Figure 2 shows a blurred image being formed because the image screen is too close to the lens. In this case, the converging light from the lens has not come to a point before it hits the image screen. Instead, it forms a disc with width equal to \( b \). There are two triangles hidden in Figure 2:
The larger triangle (click) is formed by the lens and the sharp image point. This triangle has a base with width \( a \) (called the aperture) and a length of \( d \).
The second smaller triangle (click) is formed by the blur disc and the sharp image point. This triangle has a base with width \( b \) and a length of \( d-s \) .
These two triangles are similar: that is, they have the same shape, but different sizes. One property of two similar triangles is that the ratio of base to length is the same for both triangles. From this fact, we can work out the size of the blur disc \( b \) as follows:
| Step | Statement | Reason |
|---|---|---|
| 1 | \[ \dfrac{a}{d} \] |
Ratio base/height of large triangle (Figure 2(a)) |
| 2 | \[ \dfrac{b}{d-s} \]
|
Ratio base/height of small triangle (Figure 2(b)) |
| 3 | \[ \dfrac{b}{d-s}=\dfrac{a}{d}
\] |
The triangles are similar so these ratios are equal |
| 4 | \[ b=a\dfrac{d-s}{d}\tag{1}
\] |
Multiply both sides by \( (d-s) \) |
The term \( d-s \) is the difference between the correct distance \( d \) and the image screen distance \( s \), and so \( (d-s)/d \) is that difference as a fraction of the correct distance \( d \).

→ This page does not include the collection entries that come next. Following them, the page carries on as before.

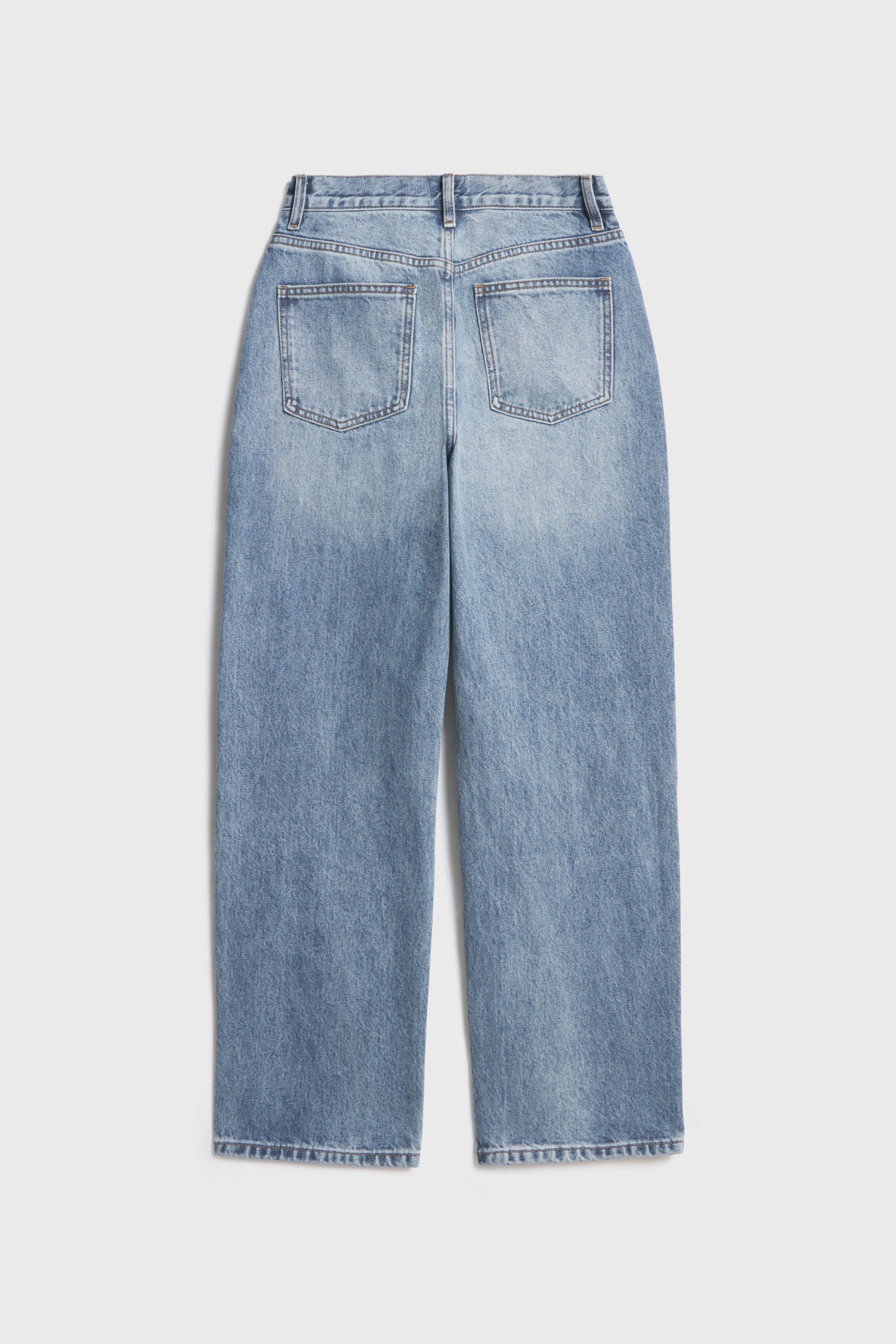 High-waist jeans with five pockets. Straight-leg design. Front zip and metal button closure.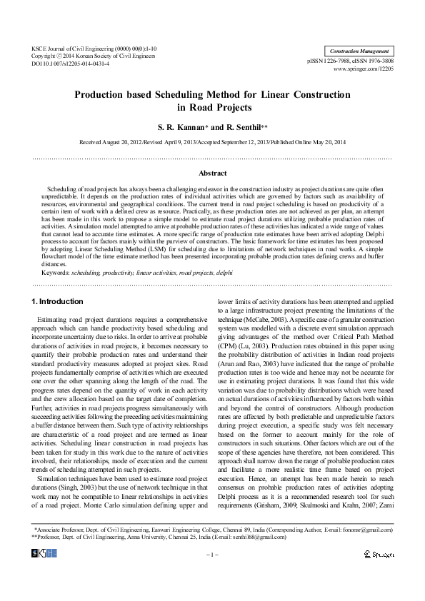 (PDF) Production Rate Determination for Linear Construction Projects ...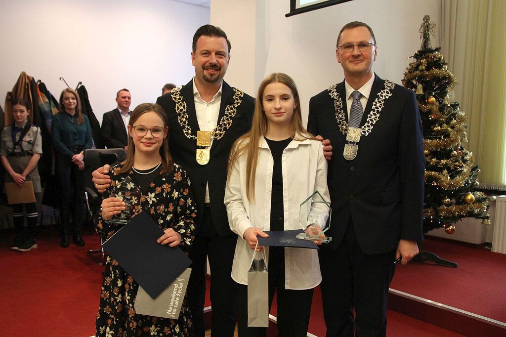 Prezydent Rafał Piech, przewodniczący Adam Cebula oraz dwie siemianowickie, utalentowane zawodniczki karate: Katarzyna Kasperska oraz Lena Kowalczuk.
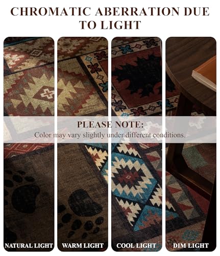 Washable Rug This rustic cabin rug is machine washable and easy to clean. Wood dust or dirt can be removed with a vacuum cleaner or robot vacuum cleaner drink stains can be wiped with a damp cloth and for deep cleaning please use a washing machine. Pet Friendly & Non Slip No shedding and low pile fiber is healthy and it is friendly to pets. The area rug adopts TPR backing which is a safer and more friendly non-slip material. Which can effectively prevent from slipping or falling. Country Element Design The country cottage rug showcases southwestern style and design elements such as bears deer and bear paws which can add more color to your home. If you love the outdoors this rug will bring a natural outdoor look to any room. Low-Pile Throw Rug This bedroom bear rug is made of imitation cashmere material with an overall height of 0.24 inches/6MM. It can be placed under most doorways or furniture and a sweeping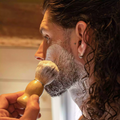 Aanbrengen op het gezicht: Gebruik de scheerkwast om het schuim in cirkelvormige bewegingen op je gezicht aan te brengen. Dit helpt de baardharen op te tillen en de huid te exfoliëren, wat leidt tot een gladder scheerresultaat.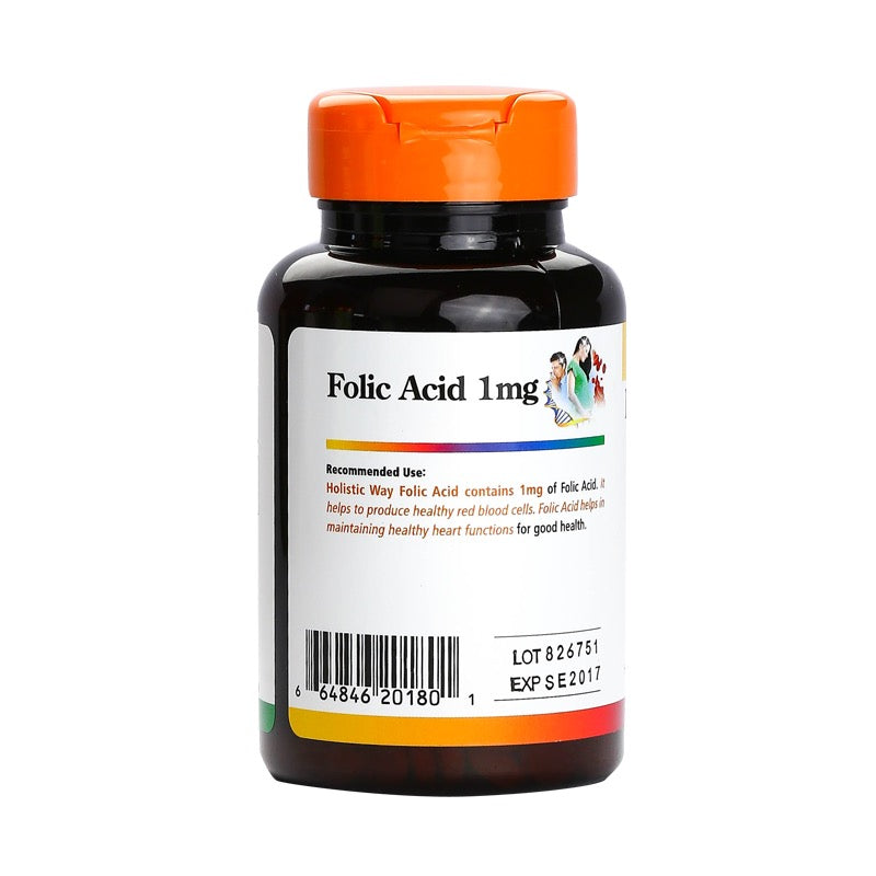 Holistic Way Folic Acid contains 1mg of Folic Acid. It helps to produce healthy red blood cells. Folic Acid helps in maintaining healthy heart functions for good health.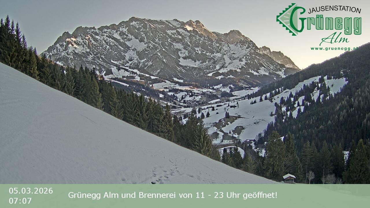 Archiviertes Webcam Bild: Hochkönig Dienten: Grünegg Alm am 05.03.2026 um 07:35 Uhr 07:00

A point object is placed \( 0.8{\text{m}} \) in front of a lens with power \( +8D \) and aperture of \( 40 \) mm. An image screen is placed at a distance of \( 0.13{\text{m}} \) from the lens. How blurred is the image?
The vergence entering the lens is \( V_{in}=1/(-0.8)=-1.25{\text{D}} \). The vergence leaving the lens is \( V_{out}=-1.25+8=6.75{\text{D}} \) and so \( d=1/V_{out}=0.148\text{m} \).
The distance to the image screen is \( s=0.13{\text{m}} \) . Using Equation (1) in row (4) of the above table, the blur disc \( b \) is
Equation (1) says what happens when the image screen is placed too close to the lens. What happens when it is placed too far away? This is shown in Figure 3. In this figure, the rays of light come to a point at a distance of \( d \) as before, but there is no image screen there to stop them, and they continue onwards from that point, spreading out as they go. They finally hit the image screen at a distance \( s \), and form a blur disc with diameter \( b \).
Figure 3 also has two similar triangles.
The first (click) is formed by the lens aperture and the sharp image point. This triangle thus has a height of \( a \) and a length of \( d \) .
The second triangle (click) is formed by the blur disc and the sharp image point. This triangle thus has a height of \( b \) and a length of \( s-d \) . (Question: why is it \( s-d \) here but \( d-s \) in the previous case?)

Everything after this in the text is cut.